A certain type of self-understanding is essential for the parish pastor who wants to be a great leader.
I appreciate Anthony B. Robinson’s insights into the importance of the pastor’s self-understanding for leadership in the parish in Robinson’s article, “Leadership That Matters.”
Robinson draws his insights from James MacGregor Burns (Leadership, 1978), Edwin H. Friedman (Generation to Generation: Family Process in Church and Synagogue, 1985), and Ronald Heifetz (Leadership Without Easy Answers, 1994).
Robinson believes that Burns’ distinction between transactional and transformational leaders helps pastors who want to be great leaders “take seriously the hopes, needs and agendas of individuals and of a congregation, and yet not be trapped or driven by them.”
Robinson appreciates the family systems approach that Friedman takes with regard to a parish pastor’s leadership, especially Friedman’s discussion of “the difference between leadership defined as expertise and leadership understood as self-definition.”
In Robinson’s words, “…our greatest strength as leaders lies not in the accumulation of information or technique, but in knowing ourselves and being able to articulate and act upon goals and values that are central to us and which are rooted in our faith.”
Robinson also recognizes the value of Heifetz’ distinction between “technical” and “adaptive” work by an organization and its leader.
Again in Robinson’s words, “As the era of American Christendom has ended, and the mainline churches have lost their established status, we face an adaptive change which requires enormous learning to define the problems, much less to locate and implement solutions, Churches may try to approach their challenges as if they were of a technical nature.
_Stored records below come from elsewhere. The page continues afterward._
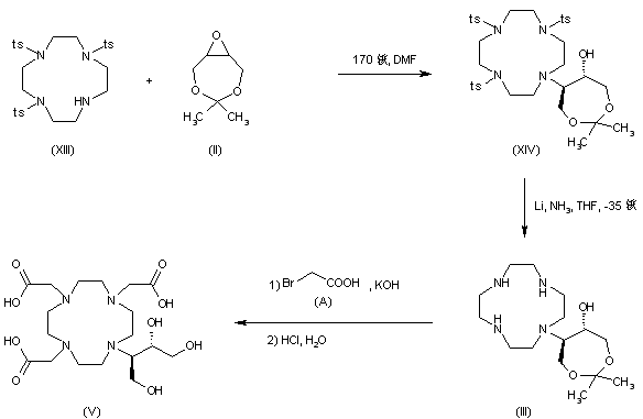 In a related method for obtaining the precursor (V), epoxide (II) was condensed with the tosyl-protected tetraamine (XIII) in an autoclave at 170 C to give (XIV). The N-tosyl groups of (XIV) were then removed by treatment with lithium metal in liquid ammonia, yielding intermediate (III), which was then subjected to alkylation with bromoacetic acid, followed by acid hydrolysis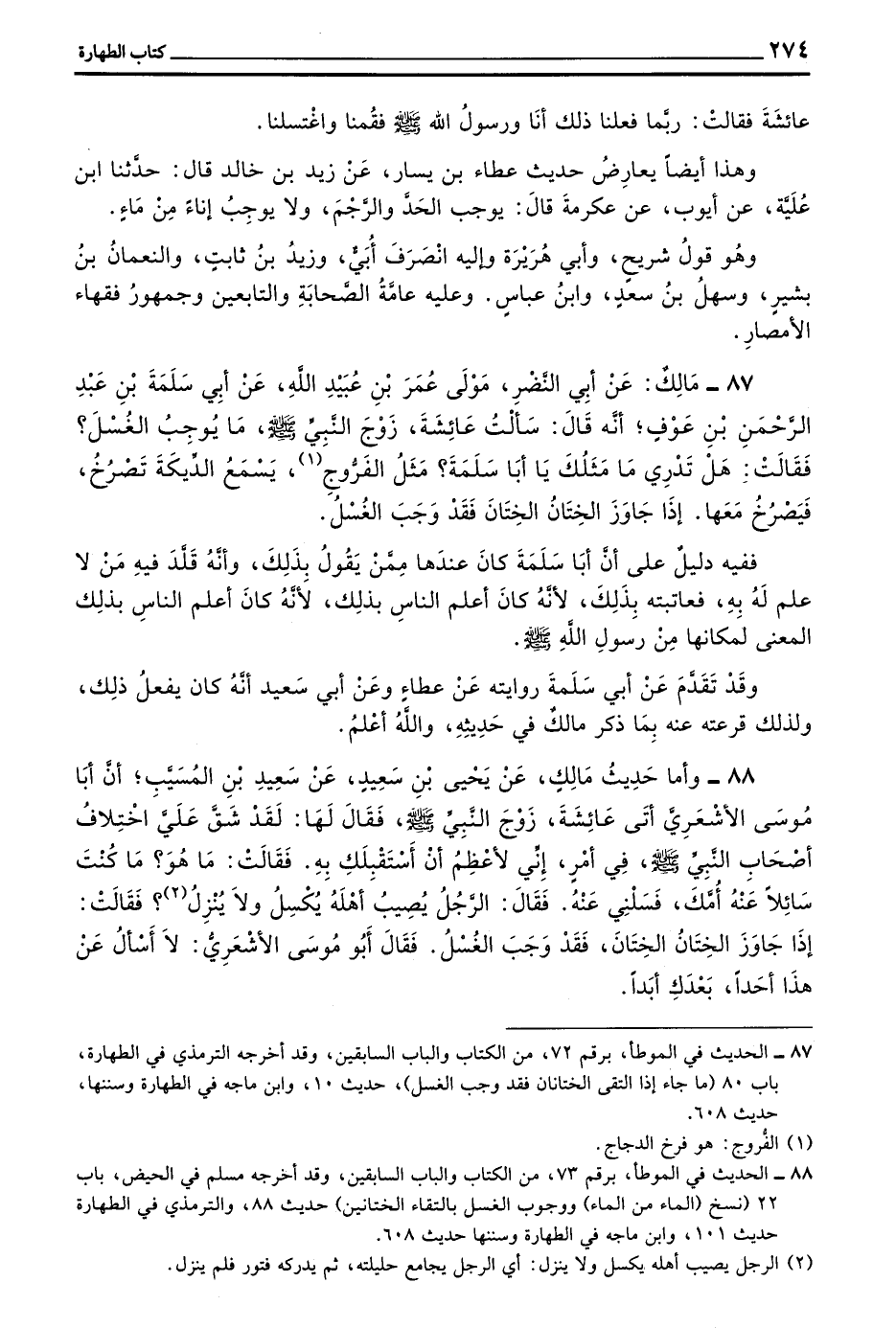 87 - مَالِكٌ عَنْ أَبِي النَّضْرِ مَوْلَى عُمَرَ بْنِ عُبَيْدِ اللَّهِ عَنْ أَبِي سَلَمَةَ بْنِ عَبْدِ الرَّحْمَنِ بْنِ عَوْفٍ أَنَّهُ قَالَ سَأَلْتُ عائشة زوج النبي صلى الله عليه وسلم مَا يُوجِبُ الْغُسْلَ فَقَالَتْ هَلْ تَدْرِي مَا مَثَلُكَ يَا أَبَا سَلَمَةَ مَثَلُ الْفَرُّوجِ يَسْمَعُ الدِّيَكَةَ تَصْرُخُ فَيَصْرُخُ مَعَهَا إِذَا جَاوَزَ الْخِتَانُ الختان فقد وجب الغسل
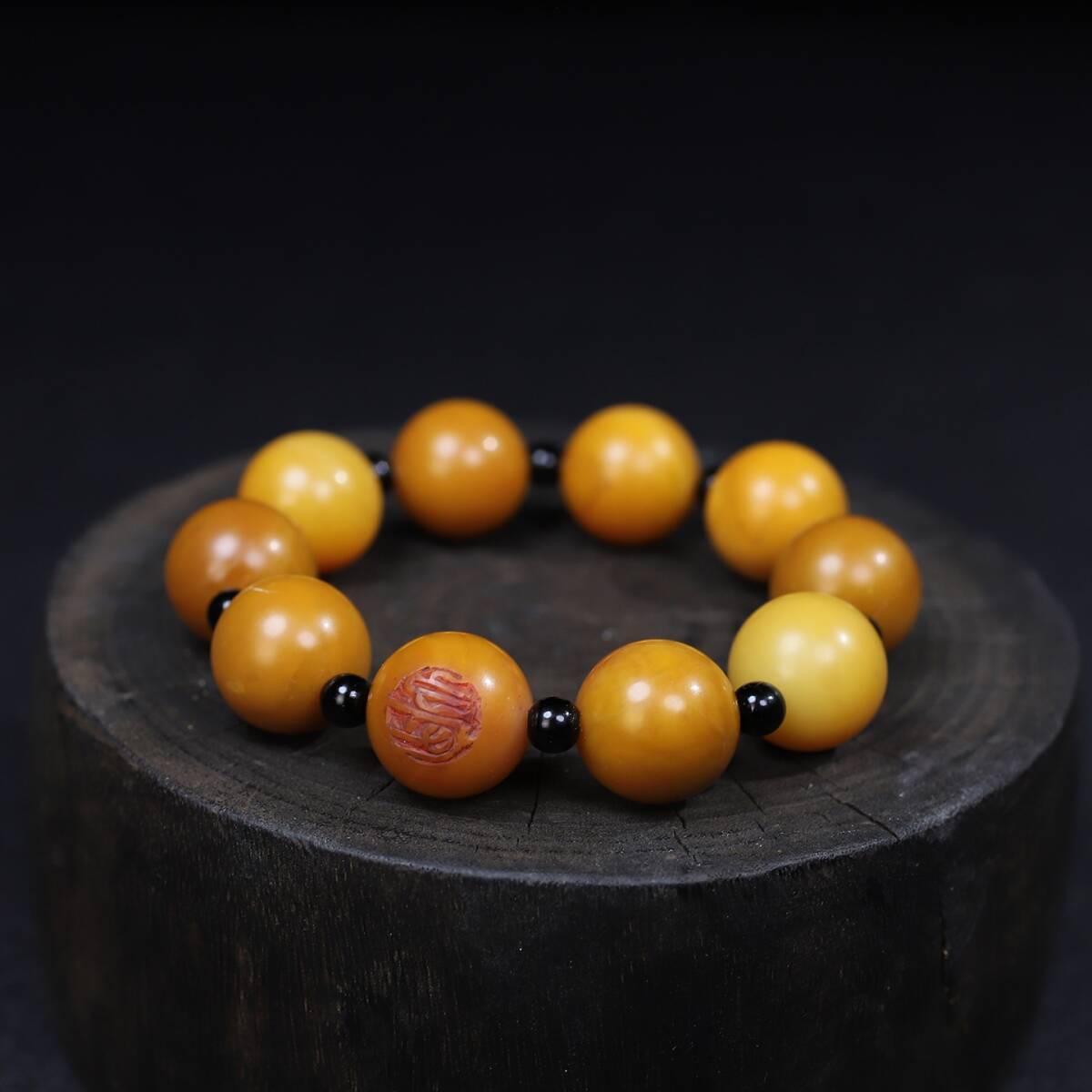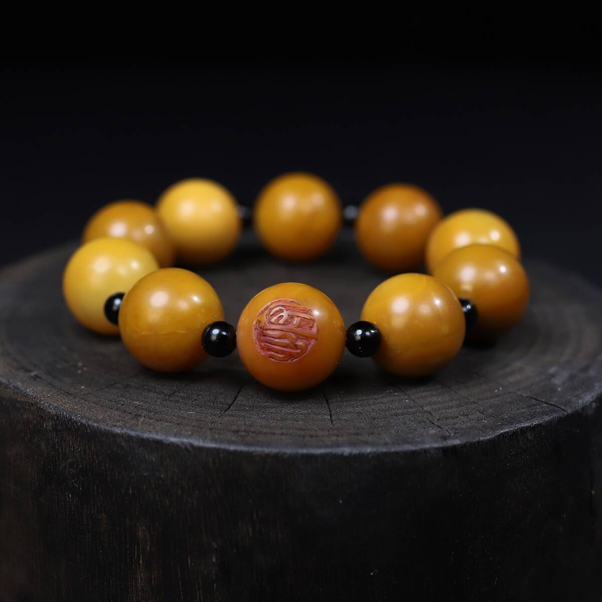 唐物 清 寿山石 シード料 圓珠手鏈一條 天然石 極細工 中国古玩 骨董品 古美味 D69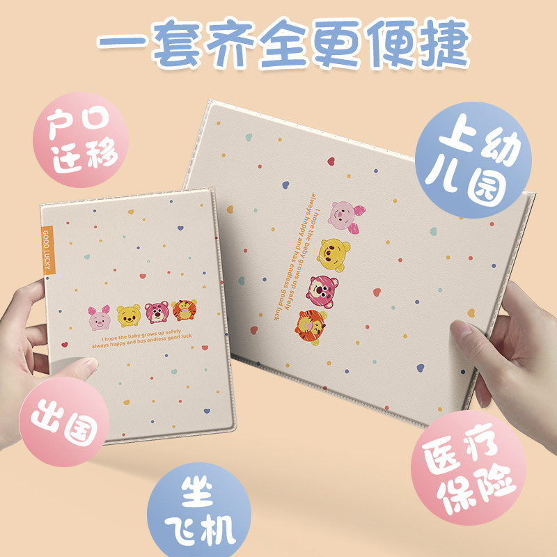 出生证和疫苗本保护套卡通小熊新版小宝宝健康证pu不粘字收纳套壳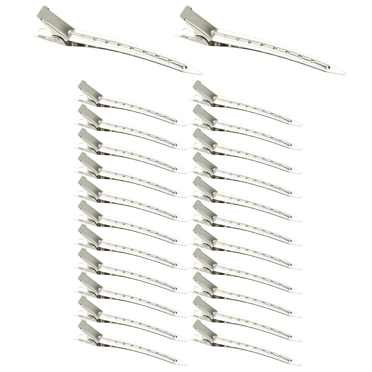 【パッケージ内容】シルバーダックビルヘアクリップ24個、サイズは約9×1.5cm。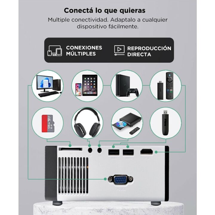 Experimenta la magia del entretenimiento en pantalla grande con nuestro Proyector HD. Con una calidad HD nítida y brillante, este proyector ofrece una experiencia visual excepcional. Ya sea que estés viendo películas, transmitiendo tus programas de televisión favoritos o mostrando presentaciones, ca...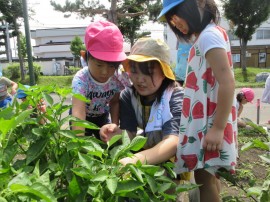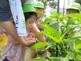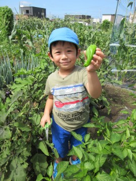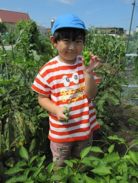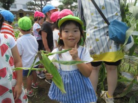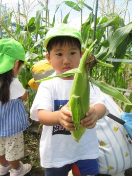 永山おおぞら認定こども園 🌽 菜園 収穫 🌽 2023年8月12日(土) 今日は、登園した たんぽぽ・ゆり・ひまわり組の12名で菜園に行ってきました❗5月に植えたピーマンと とうきび🌽を1人1つずつ収穫してきました。はさみを上手に使いピーマンを収穫し、とうきび🌽は両手で『よいしょ~❗』と もぎって取り楽しそうでした😊収穫したとうきび🌽は、今日のおやつに食べ、みんな『美味し~』と喜んで食べていましたよ🤭暑い中でしたが、たくさん歩いて頑張って収穫してくれました😄 もどる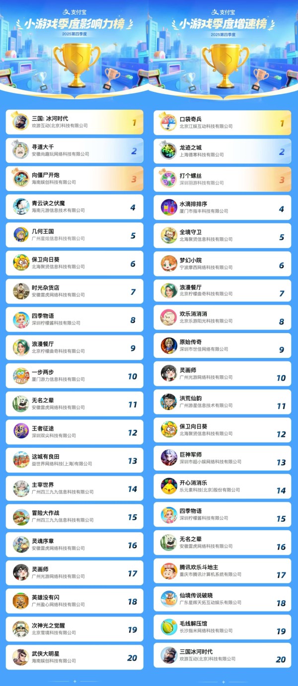 临近春节,又要到了支付宝一年一度的集五福活动,而这其实也是支付宝小游戏的特色流量红利期,去年就有多款游戏因此受益。回顾过去一年,小游戏市场整体依旧保持着30%以上的增速速度,而根据罗斯基的观察,2025年支付宝小游戏增长超过了100%。而最近支付宝小游戏发布了2025年Q4小游戏影响力和增速榜,也让我们看到更多优秀精品小游戏的出现。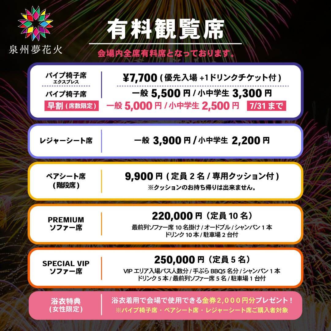 【大阪泉南】感動と興奮の饗宴、泉州夢花火 有料観覧席の席種を発表!楽天チケットにて7月20日(木) 10:00より先行発売開始!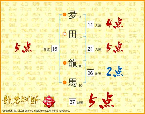 夛(6画)田(5画) 龍(16画)馬(10画)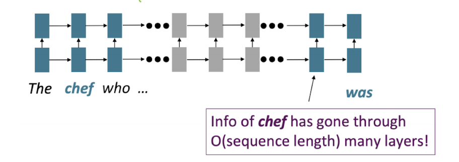 이렇게 chef와 was 거리 사이가 멀면 정보가 소실되거나 약해질 수 있음.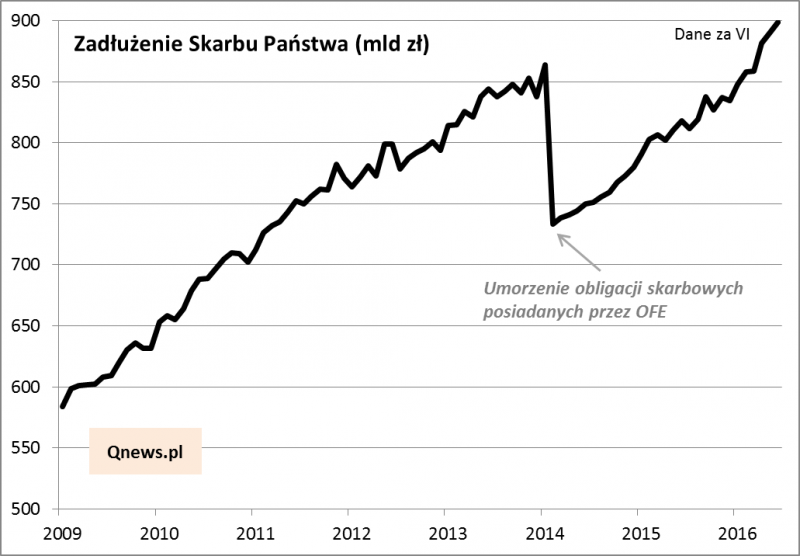 Jak co miesiąc, kilka zdań na temat zadłużenia polskiego Skarbu Państwa. To, że mamy nowy rekord (już niemal 900 mld zł) nie jest żadną niespodzianką. Jak wielokrotnie wskazywaliśmy, zadłużenie od lat jest w trendzie wzrostowym, a operacja z 2014 roku (umorzenie obligacji posiadanych przez OFE) jedynie na chwilę zatrzymała tę tendencję.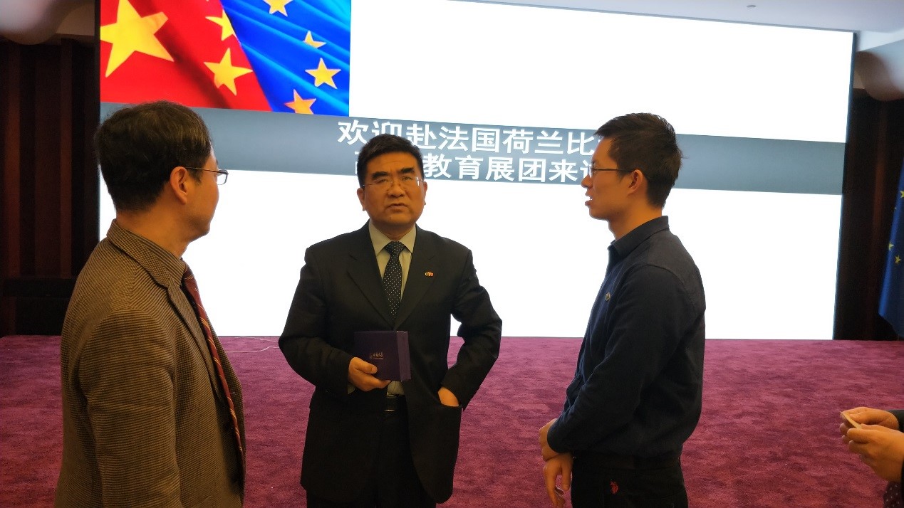 离欧回国前,代表团一行还访问了我驻欧盟使团,并受到文化与教育处车伟明公参的亲切接见。车公参向代表团详细介绍了该处的职能和使命,中欧高等教育交流及合作情况,并期待在代表团各高校的宣传和帮助下,在高等教育领域促成更多中欧项目的开展。

The problem is defined as ‘membership loss,’ and the solution is church growth techniques. But our situation is a great deal more challenging than that. The skills and knowledge, the ways of being the church, that were appropriate and served us well in the establishment era no longer fit the new realities of a much more secular and religiously pluralistic society.”
The parish pastor who strives to be a great leader is well advised to spend some time with Robinson’s article.
You may also want to consider how Robinson’s insights into leadership apply when it comes to your sabbatical.
Is the self-understanding that guides your approach to leadership as a parish pastor keeping you from taking a regular sabbatical? After all, regular sabbaticals do not just happen. The clergy sabbatical requires the pastor to take initiative and to maintain a “non-anxious” presence (Friedman) in face of resistance. The healthiest understanding of the clergy sabbatical is not about meeting anyone’s “expressed needs” so much as equipping leaders willing to take the risks necessary for the local church to adapt and change. The sabbatical benefits the ministry of the “transformational” leader more than (better than) the ministry of the “transactional” leader (Burns). Similarly, the type of sabbatical one structures likely will vary depending on whether one focuses on the “technical” work done in the local church or the “adaptive” work to be done (Heifetz).
One thing is certain: the minister who wants to be a great leader needs to be a leader when it comes to requesting and structuring his or her own ministry sabbatical.